Aim of the task: Once you find the line with "국경 50 북유럽 핑크" in the data that follows, repeat it and every line after it exactly, through the line with "包装清单:北京同仁堂 白燕盏 燕窝盏 燕窝礼盒装30g 二级*1".

Data provided:

━━━━━━━━━━━━━━━━

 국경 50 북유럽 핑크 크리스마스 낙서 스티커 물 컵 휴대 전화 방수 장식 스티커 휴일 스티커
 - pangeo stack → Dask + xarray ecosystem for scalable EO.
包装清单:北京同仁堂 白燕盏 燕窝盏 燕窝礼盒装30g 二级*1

━━━━━━━━━━━━━━━━

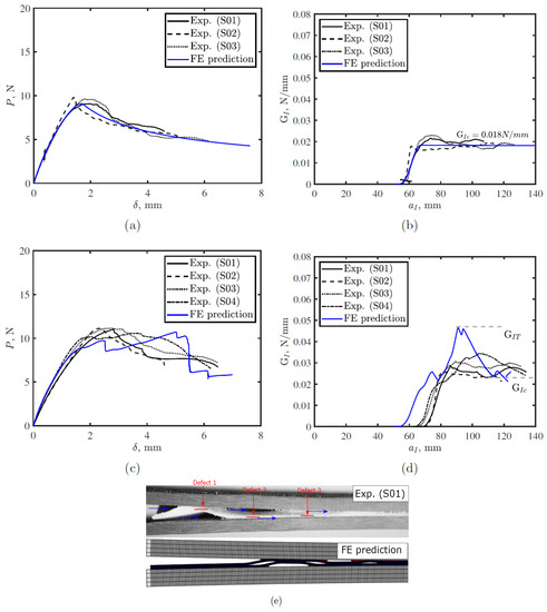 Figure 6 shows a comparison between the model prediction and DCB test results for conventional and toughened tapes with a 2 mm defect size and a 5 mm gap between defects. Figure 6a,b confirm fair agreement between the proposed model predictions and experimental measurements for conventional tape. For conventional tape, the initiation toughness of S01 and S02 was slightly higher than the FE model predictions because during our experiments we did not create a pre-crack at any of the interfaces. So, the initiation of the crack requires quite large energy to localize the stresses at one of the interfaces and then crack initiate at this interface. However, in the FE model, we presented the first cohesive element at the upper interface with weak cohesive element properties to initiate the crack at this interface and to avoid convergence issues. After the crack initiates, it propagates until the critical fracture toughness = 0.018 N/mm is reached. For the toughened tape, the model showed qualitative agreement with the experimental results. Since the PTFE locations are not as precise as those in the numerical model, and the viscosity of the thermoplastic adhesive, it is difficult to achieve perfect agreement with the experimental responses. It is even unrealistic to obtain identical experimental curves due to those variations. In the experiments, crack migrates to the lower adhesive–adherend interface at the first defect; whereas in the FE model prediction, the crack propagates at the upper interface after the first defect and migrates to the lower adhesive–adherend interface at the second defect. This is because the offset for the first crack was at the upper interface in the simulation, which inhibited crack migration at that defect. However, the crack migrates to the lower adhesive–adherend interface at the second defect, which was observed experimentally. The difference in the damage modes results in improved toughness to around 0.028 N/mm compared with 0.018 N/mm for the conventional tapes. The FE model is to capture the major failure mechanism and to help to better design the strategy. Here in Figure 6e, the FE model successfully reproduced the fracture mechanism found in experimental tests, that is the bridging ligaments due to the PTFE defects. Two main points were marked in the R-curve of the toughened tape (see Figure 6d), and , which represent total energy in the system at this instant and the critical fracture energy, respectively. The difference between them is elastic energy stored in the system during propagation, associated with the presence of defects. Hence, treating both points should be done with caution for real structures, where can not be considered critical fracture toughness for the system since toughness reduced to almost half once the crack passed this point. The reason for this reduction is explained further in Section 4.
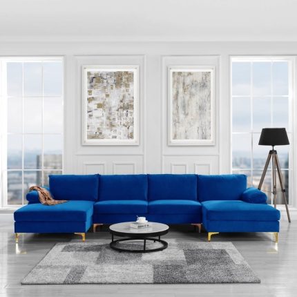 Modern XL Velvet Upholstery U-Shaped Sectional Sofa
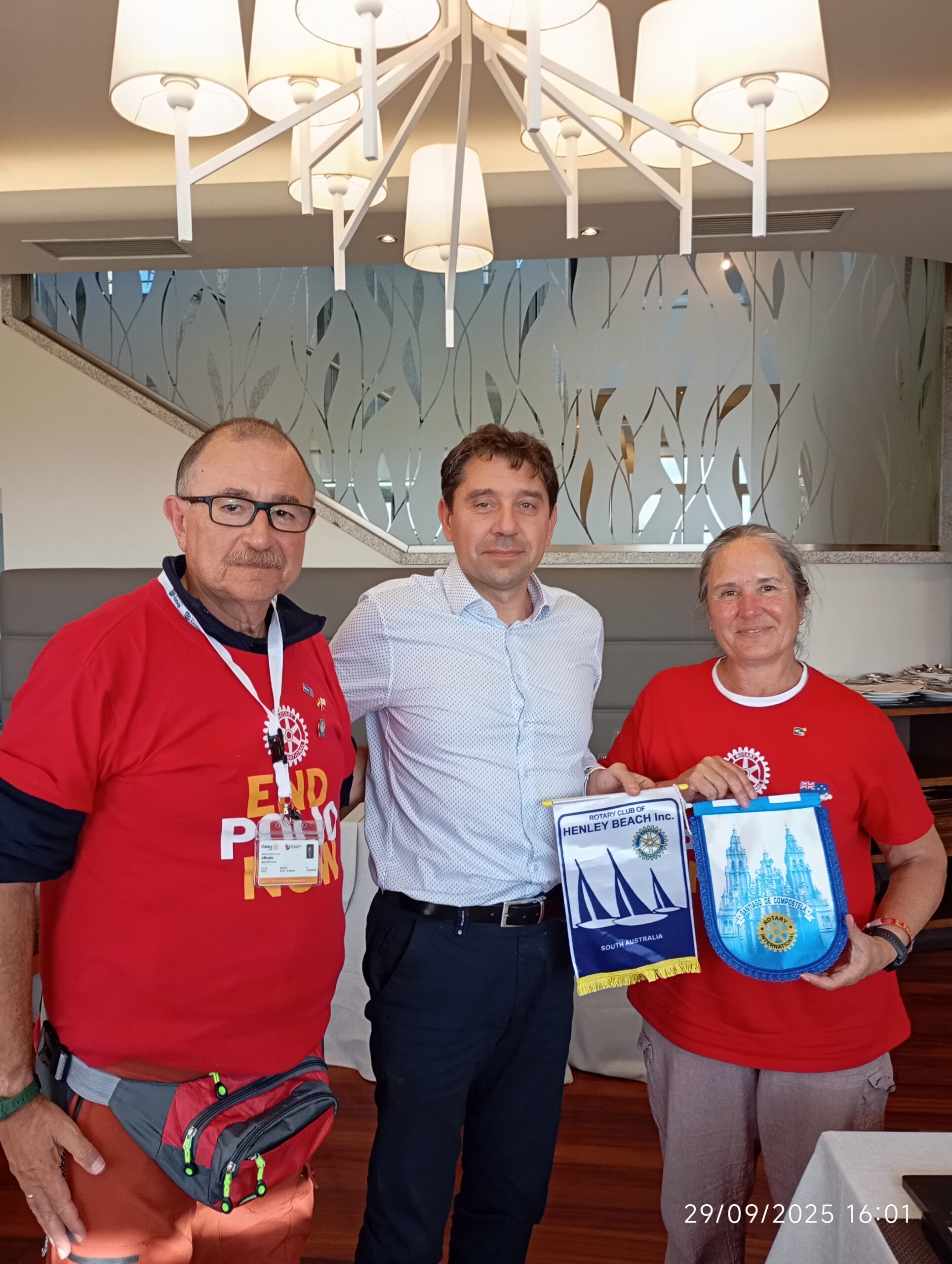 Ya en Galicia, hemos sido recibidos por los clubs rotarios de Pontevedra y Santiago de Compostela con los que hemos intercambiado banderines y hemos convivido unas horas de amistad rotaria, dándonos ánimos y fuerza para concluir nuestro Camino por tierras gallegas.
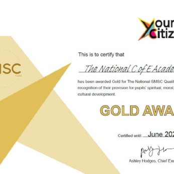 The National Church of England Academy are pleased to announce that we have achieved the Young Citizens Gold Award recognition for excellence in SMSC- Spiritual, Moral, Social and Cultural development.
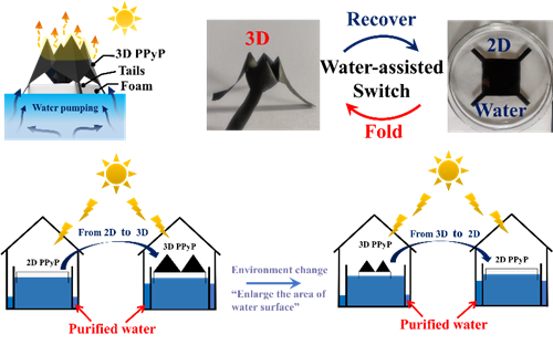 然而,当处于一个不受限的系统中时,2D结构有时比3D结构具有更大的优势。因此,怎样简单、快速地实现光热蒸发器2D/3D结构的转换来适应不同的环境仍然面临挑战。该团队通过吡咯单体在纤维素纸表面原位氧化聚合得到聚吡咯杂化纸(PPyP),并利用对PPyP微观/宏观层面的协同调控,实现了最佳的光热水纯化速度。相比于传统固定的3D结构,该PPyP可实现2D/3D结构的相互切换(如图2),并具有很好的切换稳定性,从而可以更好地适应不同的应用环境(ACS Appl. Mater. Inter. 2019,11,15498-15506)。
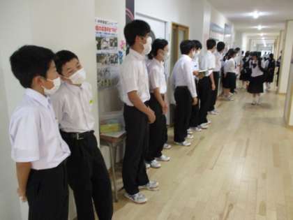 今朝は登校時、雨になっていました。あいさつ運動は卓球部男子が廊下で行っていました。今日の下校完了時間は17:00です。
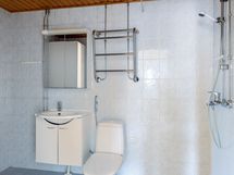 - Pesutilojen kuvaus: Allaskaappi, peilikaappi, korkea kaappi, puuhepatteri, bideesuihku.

━━━━━━━━━━━━━━━━

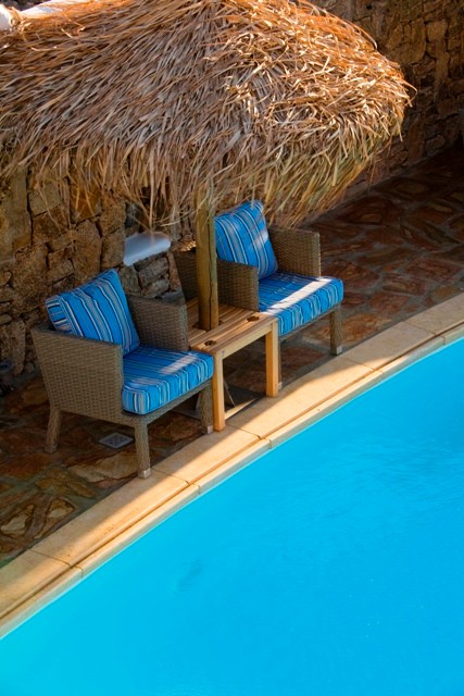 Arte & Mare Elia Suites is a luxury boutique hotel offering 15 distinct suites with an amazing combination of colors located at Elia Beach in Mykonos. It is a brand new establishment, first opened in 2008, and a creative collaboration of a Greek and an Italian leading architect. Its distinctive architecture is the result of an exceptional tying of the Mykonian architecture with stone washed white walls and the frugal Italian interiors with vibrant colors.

━━━━━━━━━━━━━━━━

Answer section:
 국경 50 북유럽 핑크 크리스마스 낙서 스티커 물 컵 휴대 전화 방수 장식 스티커 휴일 스티커
 - pangeo stack → Dask + xarray ecosystem for scalable EO.
包装清单:北京同仁堂 白燕盏 燕窝盏 燕窝礼盒装30g 二级*1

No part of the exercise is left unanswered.